Allyson Tintiangco-Cubales – Dr. Tintiangco-Cubales is a professor in the College of Ethnic Studies at San Francisco State University. She has worked with students, teachers, schools, and districts throughout the nation, including the San Francisco Unified School District, to co-develop Ethnic Studies, Gender Studies, Social Justice, and Filipino Language curriculum. She co-founded several programs and organizations that have spearheaded the curriculum and pedagogical development of Ethnic Studies including Pin@y Educational Partnerships (PEP) and Community Responsive Education (CRE).
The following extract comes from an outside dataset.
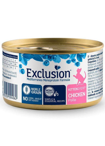 Преимущества: Корм более питателен, благодаря дегидрированному монопротеину животного происхождения; Корм полностью отвечает возрастным и пищевым потребностям маленьких котят; В рецептуре нет пшеницы или кукурузы; В составе только благородное зерно самого высокого качества; В состав корма входят ягоды граната, ежевики, малины и черники, богатые антиоксидантами и помогающие нейтрализовать свободные радикалы в организме кота; Формула корма помогает бороться с последствиями оксидативного стресса; Обогащен псилиумом и лингоцеллюлозой, препятствующих образованию комочков шерсти в желудке; Здоровое состояние шерсти и кожи поддерживается благодаря лососевому маслу в составе; В составе используются только натуральные консерванты. Состав: дегидрированное мясо курицы (32%), горох, рис, свиной жир, дрожжи, гидролизованный протеин животного происхождения с низкой молекулярной массой, сушеный цикорий, лососевое масло (1%), лингоцеллюлоза (1%), (0,5%), хлорид натрия, псилиум и семена подорожника (0,3%), МОС (мананолигосахариды) (0,3%), дегидрированный гранат (0,1%), дегидрированная черника (0,1%), дегидрированная ежевика (0,1%), дегидрированная малина (0,1%), юка моджаве. Добавки (на 1 кг): Витамин A 25.400 МЕ, Витамин D3 1.000 МЕ, Витамин E 800 мг, Витамин C 255 мг, Витамин B1 13,5 мг, Витамин B2 27 мг, Витамин B3 25 мг, Витамин , Витамин B12 0,12 мг, Фолиевая кислота 2,5 мг, Витамин H 0,12 мг, Бетаин 2.400 мг, Медь (хелат меди гидрат аминокислот) 4 мг, Цинк (хелат цинка гидрат аминокислот) 50 мг гидрат аминокислот) 4 мг, Селен (селенит натрия) chelato 0,2 мг, Железо (карбонат железа) chelato 28 мг, Йод (калия йодид) 2,2 мг, Таурин 2.260 мг, DL-метионин 250 мг Аналитические компоненты: сырой белок 36%, сырой жир 18%, сырая зола 5,6%, сырая клетчатка 2,3%, влажность 8%, кальций 0,8%, фосфор 0,7%, магний 0,09%, омега -3 жирных кислот 0,5%, омега-6 жирных кислот 2,6%. Антиоксиданты: Токоферол (из растительного сырья) 160 мг *Информация о нутриентном составе и ингредиентах на сайте является справочной. Вся полная информация о товаре на упаковке. Суточная норма кормления: Возраст животного (мес.) 2 3 4 6 8 10-12 Вес котёнка (кг) 0,5-1 1-1,5 1,5-2,5 2,5-3 3-3,5 3-5 Суточная норма корма (г/добу) 30-50 50-70 70-80 80-90 80-90 80-100 Проследите, чтобы у любимчика был постоянный доступ к питьевой воде. Каждый кот это яркая индивидуальность и поэтому нормы кормления в каждом частном случае будут отличаться, в зависимости от породы, активности, возраста и окружающей среды. Фасовка: 300 г, 1,5 кг, 12 кг Производитель: Exclusion, Dorado S.r.l., Италия
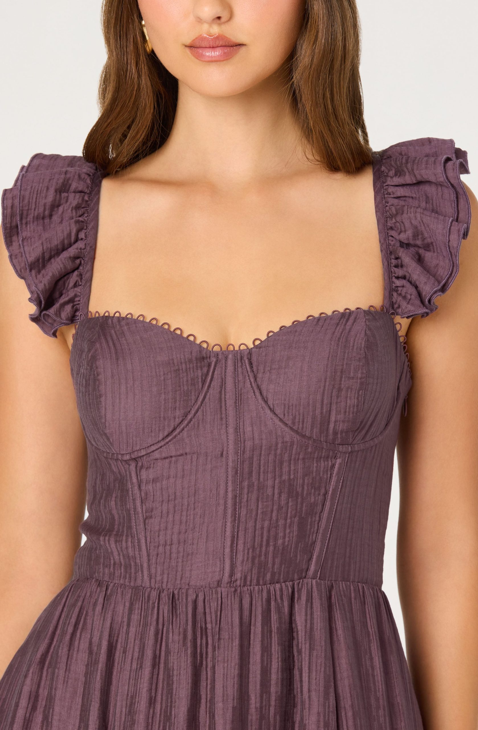 - Ruffle sleeves. bustier midi dress

Jason Ferreira Dr. Ferreira is Associate Professor in the Department of Race and Resistance Studies within the College of Ethnic Studies at San Francisco State University. His teaching and scholarship focus on the history of radicalism within and across community of color. Currently he is working on the first social history of the multiracial struggle that culminated in the BSU/TWLF-led student strike at San Francisco State, giving birth to not only the first Department of Black Studies but the only College of Ethnic Studies in the nation. Dr. Ferreira is also a co-founder of the Center for Political Education, a now twenty year old Movement institution in the Bay Area, whose ongoing mission is to provide a nonsectarian space dedicated to building strong movements and the Left through education, analysis, theory, dialogue, and activism. Over the years, he has served on the Board of Directors of SpeakOut: Institute for Democratic Education and Culture, the Freedom Archives, and as a founding member of the Coordinating Committee of the Howard Zinn Book Fair.